Task prompt » Write out exactly the lines from the one containing "Paire de boucles" through the last line of the records below, both included, and leave out any pictures.

Information shown »
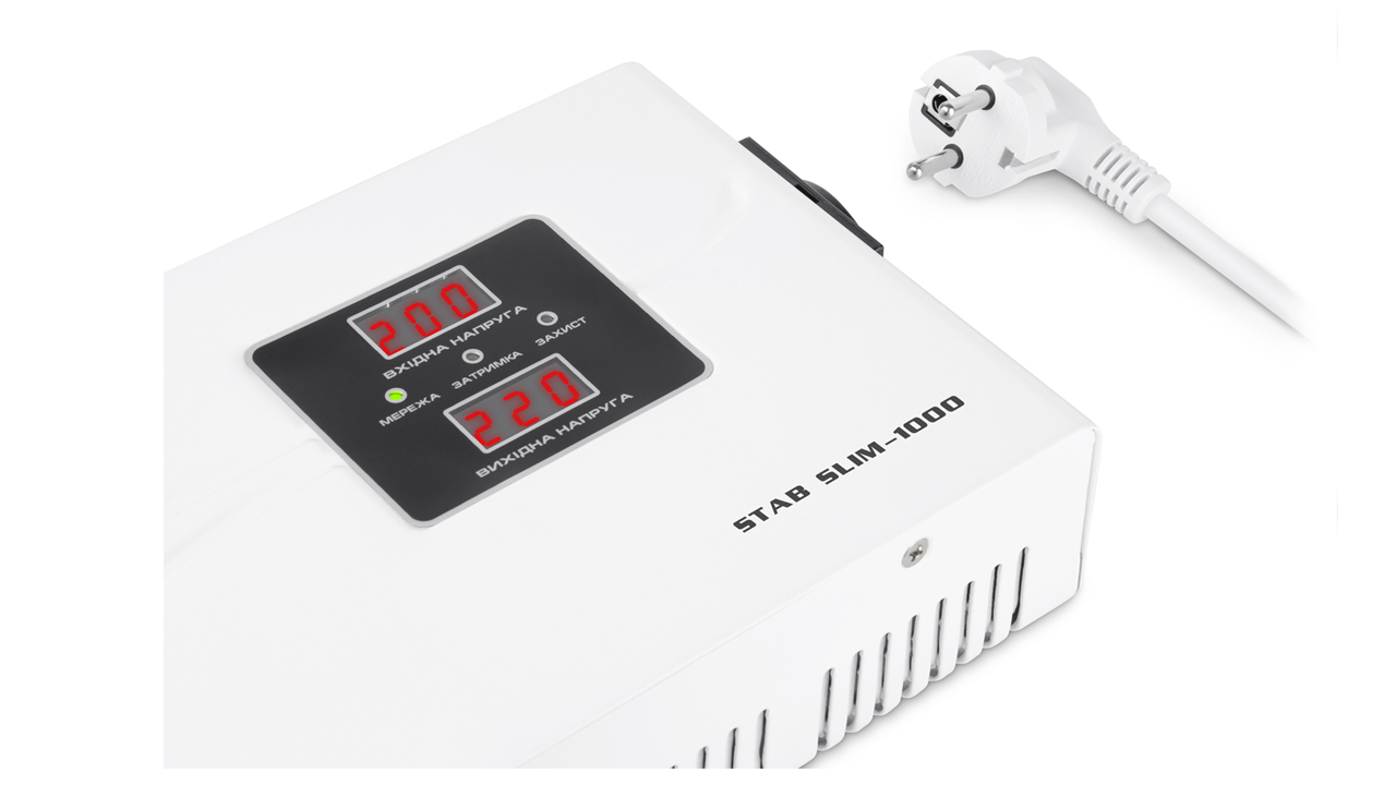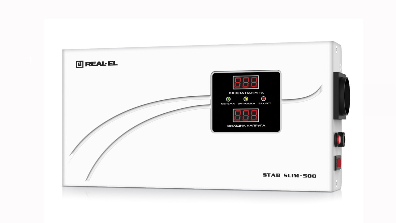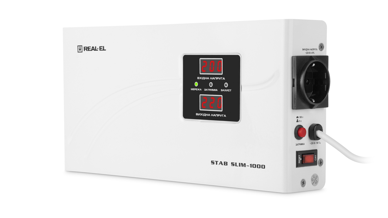 Стабілізатор напруги REAL-EL STAB SLIM-1000 призначено для забезпечення якісним і стабільним електроживленням різних споживачів, захисту пристроїв-споживачів від неприпустимих відхилень живлячої напруги, високочастотних та імпульсних перешкод, від перевантаження і КЗ.
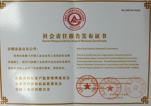 日前,在由安徽省国资委牵头、安徽省工业经济联合会主办的“2015安徽省企业社会责任报告发布会”上,《安徽省盐业总公司2014年度社会责任报告》正式发布,这也是我公司首次对外发布社会责任报告。该责任报告较全面、客观的披露了安徽盐业践行国企职责、认真履行社会责任的总体情况,充分体现了安徽盐业服务社会和广大消费者的责任感和使命感。
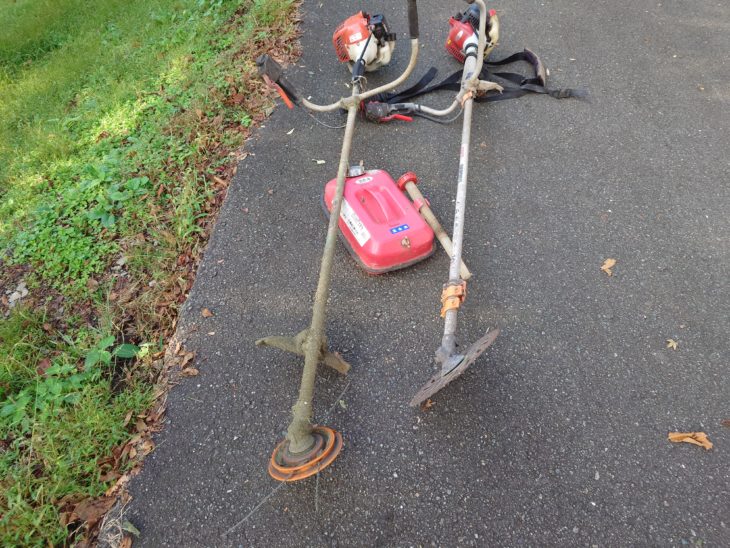 定休日の今日は、、一日中、、本職の、、、草刈り爺さんで 、前庭を全部、、刈り上げました。
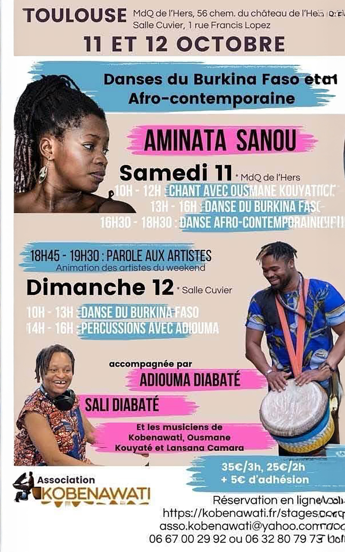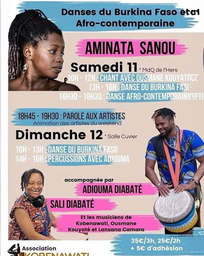 L’association Adiouma Diabate, les enfants de Bobo Dioulasso, a été créée avec pour but d’organiser des cours et des stages de percussions, des événements culturels ainsi que toute autre activité permettant de promouvoir la culture burkinabé; ainsi que de faciliter ou permettre l’accès à l’éducation
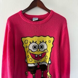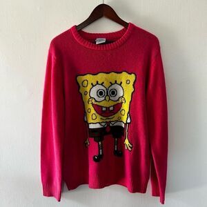 Spongebob Squarepants Nickelodeon Magenta Pink Sweater Size XL y2k Nostalgic
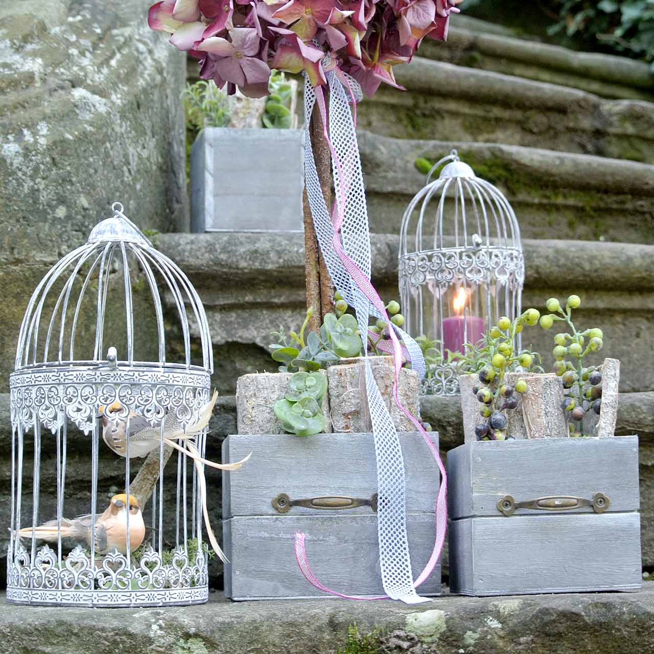 - Windlicht im Korb
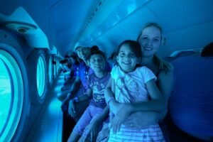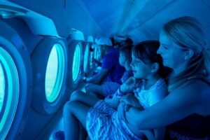 La aventura comienza con un breve trayecto en barco hacia la zona de inmersión. Una vez en el submarino, sentirá la suave transición mientras la nave comienza su descenso. A medida que baja, los colores cambian y la vida marina se vuelve más densa. La cabina es espaciosa y cada pasajero tiene su propia ventana para observar el paisaje. Es una experiencia silenciosa, segura y visualmente impactante que permite ver formaciones de coral y especies de profundidad que rara vez se ven cerca de la superficie.
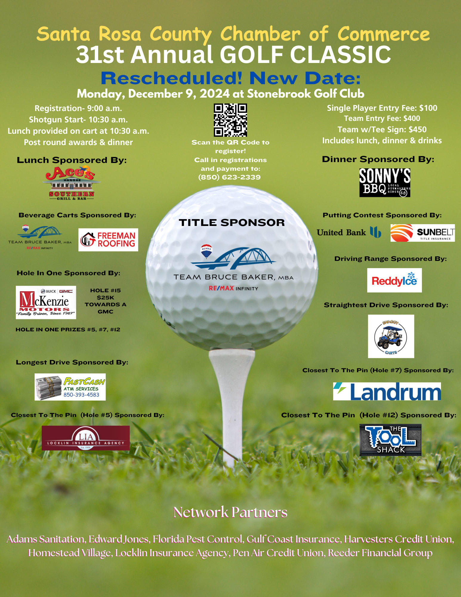 Registration begins 9 a.m. Shotgun start at 10:30. Boxed lunch provided by Ace's Hangar; after rounds dinner by Sonny's BBQ.
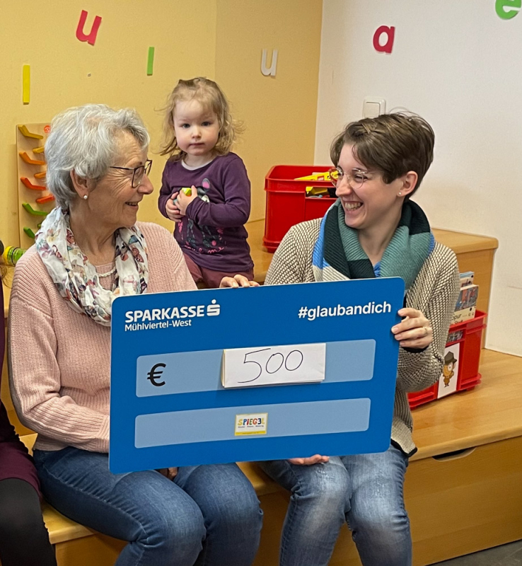 Unsere Arbeit mit den Kindern lohnt sich auf jeden Fall. Und nun wurde unsere Arbeit auch belohnt! Das Team der Spiegel-Spielgruppe unter der Leitung von Lisa Ammerstorfer überreichte uns einen Scheck im Wert von 500,00 Euro aus dem Erlös vom Kinderwarenbasar.
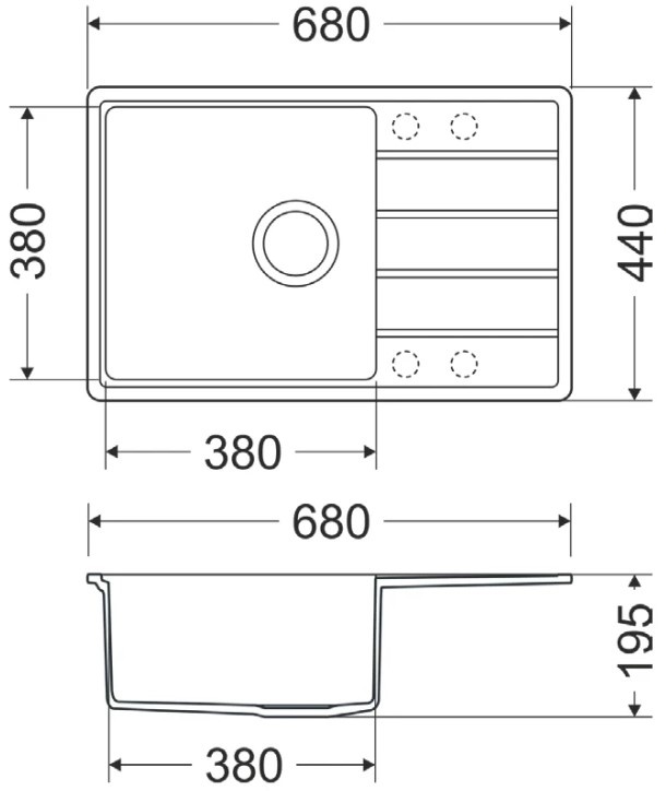 Размер мойки680х440 мм
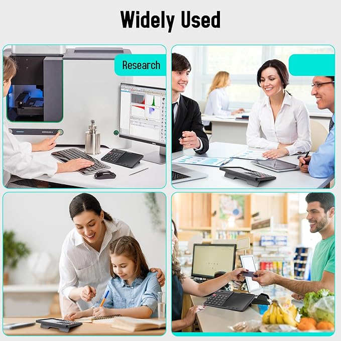 - 【Comprehensive Office Scenario Coverage: Balancing Portability & Practicality】Business & Office Use:Ideal for financial reimbursement and real-time recording of data and decision points during meetings, eliminating the hassle of switching between calculators and notebooks.Portable Design:With a slim thickness of only 1.6 cm, the foldable stand allows easy storage in briefcases, making it perfect for carrying during business trips or negotiations.Durable Materials:The body is made of wear-resistant ABS engineering plastic, and the writing pad surface is scratch-resistant, ensuring long-term office use without easy damage. It adapts to various office environments.
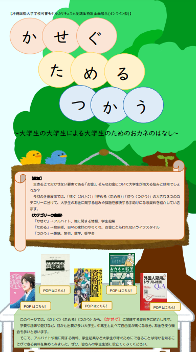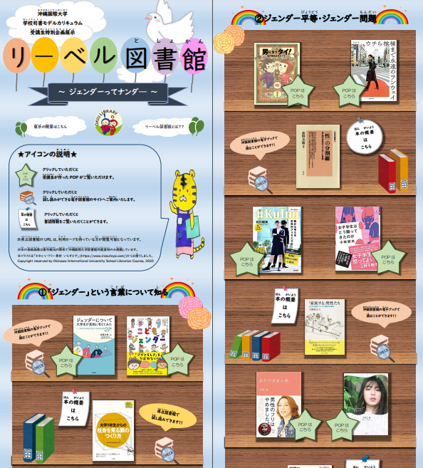 後期に開講されている「学校図書館情報サービス論」という科目では、学校図書館の教育活動、サービスとして多く行われている「テーマ展示」を学ぶために、沖縄国際大学の図書館を活用した展示実習を行いました。
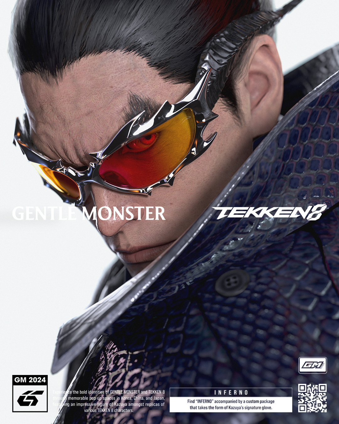 이번 협업의 핵심 제품은 젠틀몬스터가 선보인 한정판 선글라스 ‘인페르노(Inferno)’입니다. 이 제품은 철권 8의 캐릭터 카즈야(Kazuya)의 데빌 버전에서 영감을 받아 디자인되었습니다. 특히, 카즈야의 데빌 뿔을 형상화한 요소가 인페르노 선글라스에 녹아 있어 더욱 독특한 스타일을 자랑합니다.
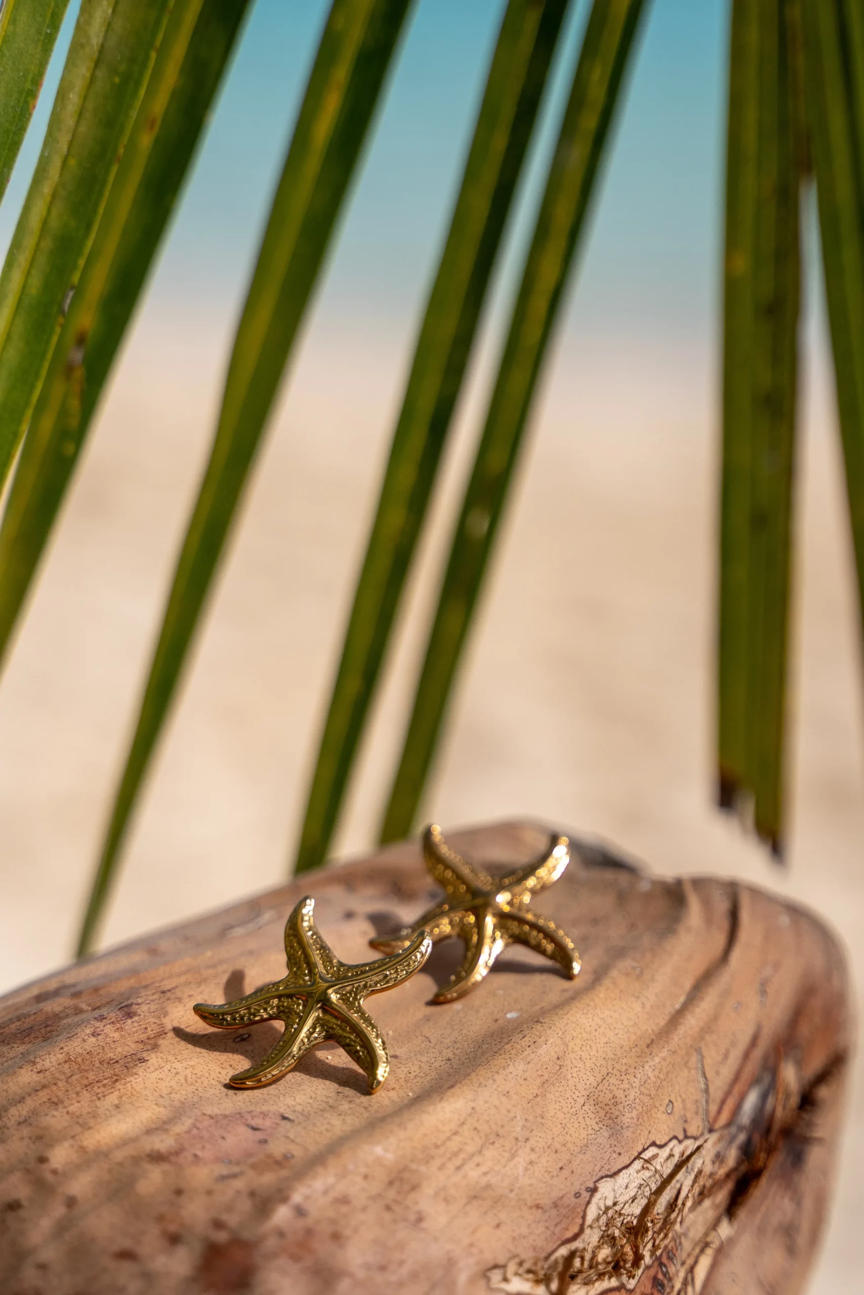 Paire de boucles d’oreilles en forme délicate d’étoile de mer, qui évoquent la plage et l’évasion.
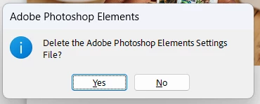 3. A pop-up message will appear asking, "Delete the Adobe Photoshop settings file?". Click Yes.

The answer »
 Paire de boucles d’oreilles en forme délicate d’étoile de mer, qui évoquent la plage et l’évasion.
 3. A pop-up message will appear asking, "Delete the Adobe Photoshop settings file?". Click Yes.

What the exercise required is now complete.